There are several ways to solve subset sum in time exponential in n.[3]

### Inclusion-Exclusion

The most naïve algorithm would be to cycle through all subsets of n numbers and, for every one of them, check if the subset sums to the right number. The running time is of order ${\displaystyle O(2^{n}\cdot n)}$, since there are ${\displaystyle 2^{n}}$ subsets and, to check each subset, we need to sum at most n elements.

The algorithm can be implemented by depth-first search of a binary tree: each level in the tree corresponds to an input number; the left branch corresponds to excluding the number from the set, and the right branch corresponds to including the number (hence the name Inclusion-Exclusion).

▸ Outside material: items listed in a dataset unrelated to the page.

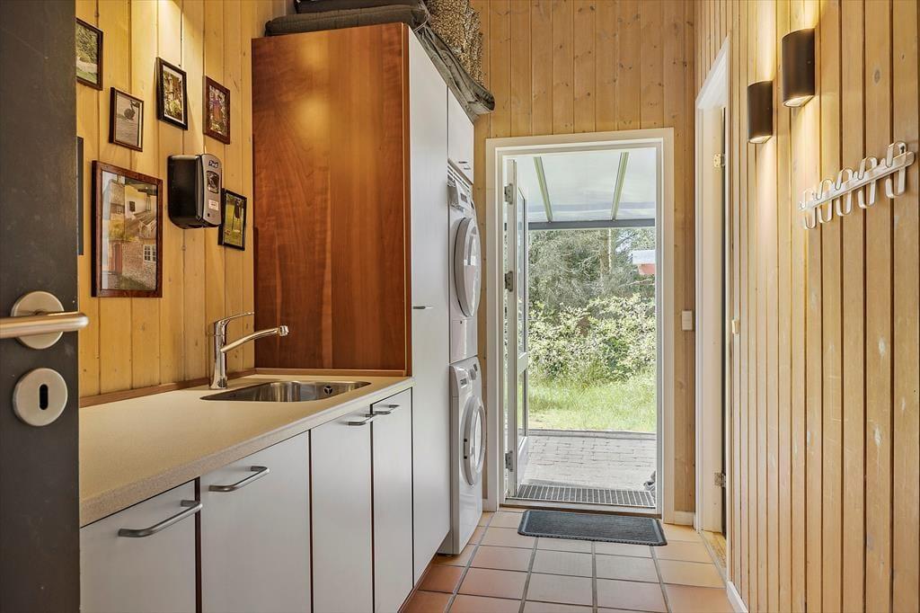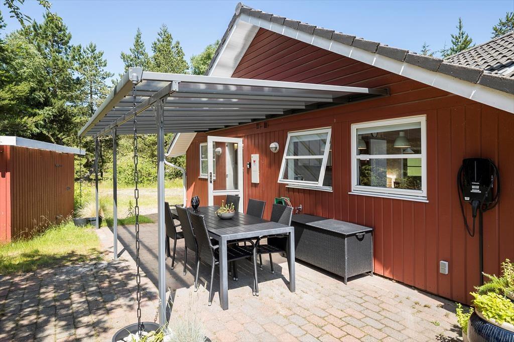 På den 2650 m2 store naturgrund er der afskærmende randbeplantning og en grusbelagt indkørsel, og en velanlagt græsplæne indbyder til vandkamp, frisbee og fodbold. Børnene kan også hygge sig med at gynge, rutsje og lege i den bådformede sandkasse, og når I alle vil samles til en god frokost eller et lækkert aftensmåltid tilberedt på grillen, kan I slå jer ned på en af terrasserne. Flisebelægningen breder sig rundt om sommerhuset, så der er flere dejlige steder at sidde – inklusiv et overdækket areal, hvis du drømmer om at sidde længe ude om aftenen, mens tusmørket langsomt breder sig.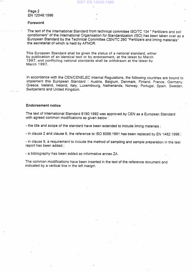 EN 12048:1996 is a standard published by the European Committee for Standardization (CEN). Its full title is "Solid fertilizers and liming materials - Determination of moisture content - Gravimetric method by drying at (105 +/- 2)°C (ISO 8190:1992 modified)". This standard covers: This International Standard specifies a gravimetric method, by drying at (102 +/- 2) °C, for the determination of the moisture content of fertilizers and limong materials. The method is applicable to siliceous and carbonic liming materials and the following phosphatic fertilizers: - superphosphates; - natural phosphates; - ground rock phosphates; - partially solubilized rock phosphates. The method is not applicable to hydrated and burnt lime and to ammonium compounds or magnesium sulfates.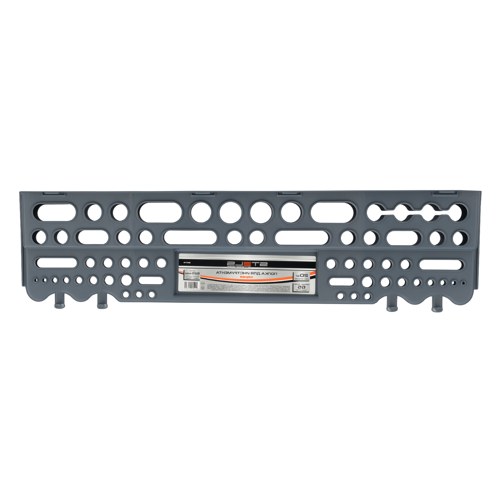 - Большая длина 625 мм и индивидуальные отверстия под инструменты — на полке можно разместить до 65 предметов.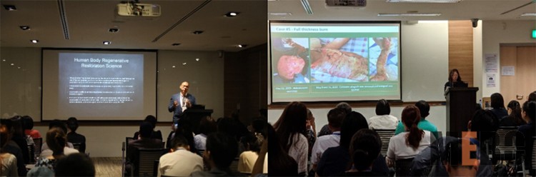 8月16日中午,ISRMWR在新加坡中央醫(yī)院Academia學(xué)術(shù)報(bào)告廳White Space分會(huì)場(chǎng)再一次舉辦了再生醫(yī)學(xué)專場(chǎng)。本次專場(chǎng),特別邀請(qǐng)到中山大學(xué)附屬第一醫(yī)院燒傷外科劉旭盛主任作為會(huì)議主持,分別有來(lái)自中國(guó)、印尼和馬來(lái)西亞的4位再生醫(yī)學(xué)專家?guī)?lái)了精彩演講。來(lái)自印尼雅加達(dá) Rawamangun醫(yī)院的Donna Savitry醫(yī)生,她是印尼整形外科學(xué)會(huì)副秘書長(zhǎng),已有近10年的再生醫(yī)療經(jīng)驗(yàn)。她帶來(lái)的題目是“Strategy to Use MEBO Effectively in Low Budget Burn Patient: An Observation in Daily Practice“。在演講中,她分享了其多年的治療經(jīng)驗(yàn)和多個(gè)精彩病例,量化藥量使用評(píng)估讓人耳目一新。韶關(guān)市第一人民醫(yī)院燒傷科的陳錚主任,他的演講題目是“Treating Generalized Skin Diseases with MEBO”。他分享了數(shù)例藥物導(dǎo)致大皰表皮松解癥的嚴(yán)重病例,患者病情之嚴(yán)重,治療效果之顯著,令與會(huì)者贊嘆不已。來(lái)自馬來(lái)西亞?wèn)|海岸線的Mohd Zurairie醫(yī)生,今年5月到中國(guó)長(zhǎng)沙開展過(guò)學(xué)術(shù)交流,他的演講題為“Exudates Management and Cell Regenerative in Chronic Wound Lessening Healing Time”。Zurairie醫(yī)生應(yīng)用再生醫(yī)療技術(shù)時(shí)間不長(zhǎng),在演講上,他和與會(huì)者客觀地分享了他的學(xué)習(xí)和探索體會(huì)。北京南苑醫(yī)院燒傷創(chuàng)瘍中心的陳永翀主任分享的內(nèi)容為“The New Application of Burns Regenerative Medicine Therapy in Malignant Ulcers Treatment”。在演講中,他展示了再生醫(yī)療技術(shù)在治療惡性潰瘍中的卓越效果,并呼吁與會(huì)專家共同研究探索燒傷再生醫(yī)療技術(shù)在這一領(lǐng)域的更深層次應(yīng)用可行性。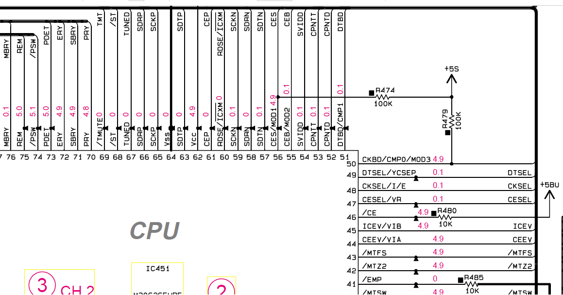 Když jsem šel po napájení procesoru,zjistil jsem,že z větve +5S jde napětí přes 100K odpory na piny 50 a 56. Na pinu 50 je to OK, ale na 56 už nspětí nedojde. Ztratí se na tom rezistoru. Samozřejmě je tento pin vyveden ještě na dalsí desku, ale z časových důvodů už jsem se k ní nedostal.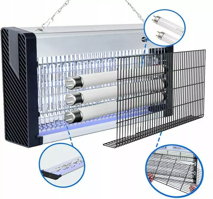 Лампа идеальна для использования, например, на кухне, в караване, сарае, коровнике, производственном цехе, магазине, на террасе и везде, где присутствие летающих насекомых нежелательно. УФ-свет эффективно привлекает насекомых, а встреча с высоковольтной сеткой эффективно их устраняет.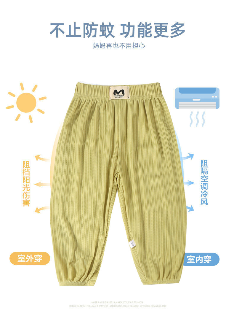 어린이 모기 방지 바지 여름 아이스 실크 흔들리는 바지 소년 소녀 얇은 비리스 캐주얼 바지 아기 외부 바지스토어 가기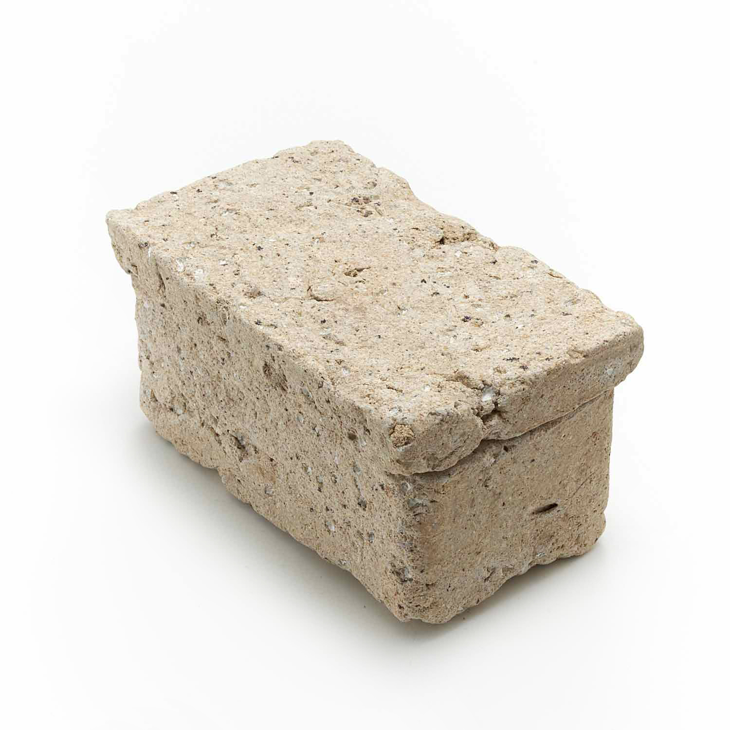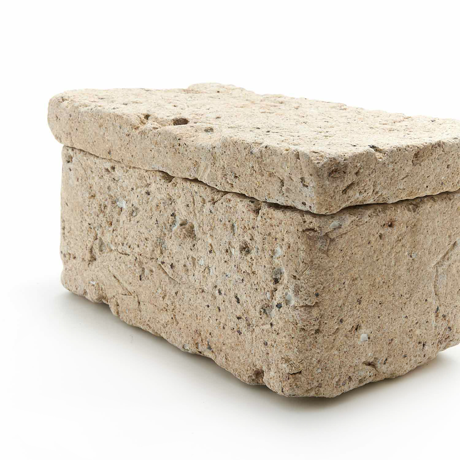 The production of this series of sacks began with a copy of a Roman plaster box. Since I make each piece from clay, glassy materials, and sometimes straw, no two pieces have exactly the same texture.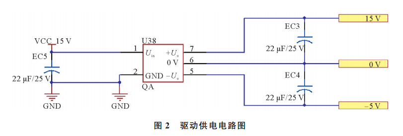 本设计供电芯片选择 B 公司的碳化硅 MOSFET 驱动器专用 DC/DC电源,该电源模块输入电压15V, 输出电压15V、-5V,驱动功率2 W,符合本设计驱 动供电需求。驱动供电电路如图2所示。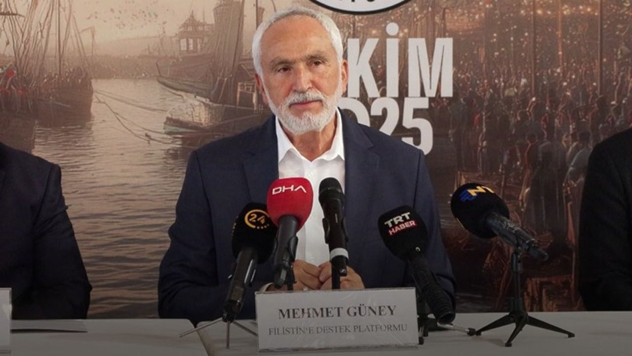 Mehmet Güney, "Bundan sonra 7 Ekim 2023 de başlayan bu kıyam bugün itibariyle bu gün itibariyle iki yılını doldurdu ve bizde Filistin Destek Platformunun paydaşları olarak bu kardeşlerimizin direnişlerine sahip çıkalım diye inşallah 5 Ekim Pazar günü Ayasofya Camii Meydanı'ndan başlayıp saat 13:00’da Ayasofya Meydanından başlayıp Eminönü Meydanı'na kadar yürüyeceğiz ve burada ayak seslerimiz Tel Aviv’den duyulsun istiyoruz. Burada kardeşlerimize verdiğimiz destekte aynı zaman da kassam tugaylarının yüreğinde de hissedilsin istiyoruz. Aynı zamanda deniz vasıtalarıyla birlikte gerek haliç tarafından gerek boğazdan gelen deniz vasıtalarıyla birlikte Eminönü’nde hem Sumud filosunu anımsatabilecek deniz vasıtalarımız hem de karadan yürüyüşümüzle birlikte Eminönü meydanında inşallah 5 Ekim 2025 itibariyle saat 13:00’dan sonra ben tüm İstanbul’daki kardeşlerimizi bu kutlu eyleme davet etmek istiyorum. Bu eylem sadece İstanbul ile sınırlı kalmayacak İstanbul’un yanı sıra Ankara başta olmak üzere aynı gün Türkiye’nin 81 ilinde kardeşlerimiz basın toplantılarıyla yürüyüşlerle eylemlerle dualarla değişik etkinliklerle birlikte bunun anısına inşallah bu hayırlı hizmetlerini yapacaklar. 5 Ekim Pazar günü herkes bulunduğu ilde inşallah bu duyarlılığın paydaşı olsun" dedi. (DHA)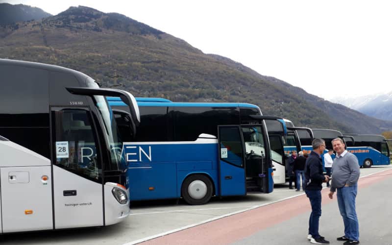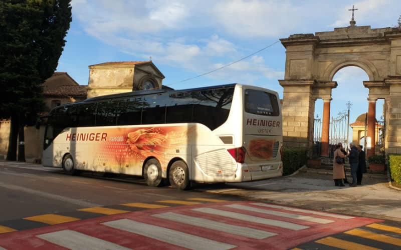 Am Donnerstagmorgen um 7.30 Uhr ging es mit den ersten Gästen bei schönstem Schweizer Wetter  los in Winterthur. Via Pfäffikon SZ fuhren wir nach Sargans zu Kafi und Gipfeli im Hotel Post und anschliessend zum Bahnhof Sargans, wo weitere Gäste auf uns warteten und jene Reisenden, die der Zubringer-Bus aus dem Raum St. Gallen gebracht hatte. Damit waren wir vollzählig und konnten die Reise „offiziell“ beginnen. Auf der A13 ging es nach Süden, doch bereits auf der San-Bernardino-Route eine erste Überraschung: Der Chauffeur musste zweimal anhalten und Getränke nachladen, weil die Gruppe „Durst“ (wie eine Dame uns nannte), ihrem Namen alle Ehre machte. Das sorgte für gute Stimmung und weiter gings in Richtung Italien, unterbrochen durch das Mittagessen auf der Autobahnraststätte bei Bellinzona. In den engen, von Bäumen und Autos gesäumten Strassen bewies unser Chauffeur sein fahrerisches Können, vor allem als er in Zentimeterarbeit mithilfe einiger Gäste den Bus zwischen all den Kreuzungen und Einbahnstrassen wieder so stellen musste, dass wir geradeaus fahren konnten. Per Telefon beorderte ich dann jemanden von der Rezeption zu unserem Fahrzeug und bestand darauf, bis zur am nächsten am Hotel gelegenen Ausstiegsmöglichkeit gelotst zu werden. Den Rest machten wir zu Fuss und genossen schon bald darauf ein feines Abendessen in unserem hübschen und gemütlichen Hotel.

The memory required is ${\displaystyle O(n)}$. The run-time can be improved by several heuristics:[3]

• Process the input numbers in descending order.
• If the integers included in a given node exceed the sum of the best subset found so far, the node is pruned.
• If the integers included in a given node, plus all remaining integers, are less than the sum of the best subset found so far, the node is pruned.

### Horowitz and Sanhi

Horowitz and Sahni[4] published a faster exponential-time algorithm, which runs in time ${\displaystyle O(2^{n/2}\cdot (n/2))}$, but requires much more space - ${\displaystyle O(2^{n/2})}$. The algorithm splits arbitrarily the n elements into two sets of ${\displaystyle n/2}$ each. For each of these two sets, it stores a list of the sums of all ${\displaystyle 2^{n/2}}$ possible subsets of its elements. Each of these two lists is then sorted. Using a standard comparison sorting algorithm for this step would take time ${\displaystyle O(2^{n/2}n)}$. However, given a sorted list of sums for ${\displaystyle k}$ elements, the list can be expanded to two sorted lists with the introduction of a (${\displaystyle k+1}$)th element, and these two sorted lists can be merged in time ${\displaystyle O(2^{k})}$. Thus, each list can be generated in sorted form in time ${\displaystyle O(2^{n/2})}$. Given the two sorted lists, the algorithm can check if an element of the first array and an element of the second array sum up to T in time ${\displaystyle O(2^{n/2})}$. To do that, the algorithm passes through the first array in decreasing order (starting at the largest element) and the second array in increasing order (starting at the smallest element). Whenever the sum of the current element in the first array and the current element in the second array is more than T, the algorithm moves to the next element in the first array. If it is less than T, the algorithm moves to the next element in the second array. If two elements that sum to T are found, it stops.

### Schroeppel and Shamir

Schroeppel and Shamir[5] presented an algorithm based on Horowitz and Sanhi, that requires similar runtime - ${\displaystyle O(2^{n/2}\cdot (n/4))}$, much less space - ${\displaystyle O(2^{n/4})}$. Rather than generating all subsets of n/2 elements in advance, they partition the elements into 4 sets of n/4 elements each, and generate subsets of n/2 elements dynamically using a min heap.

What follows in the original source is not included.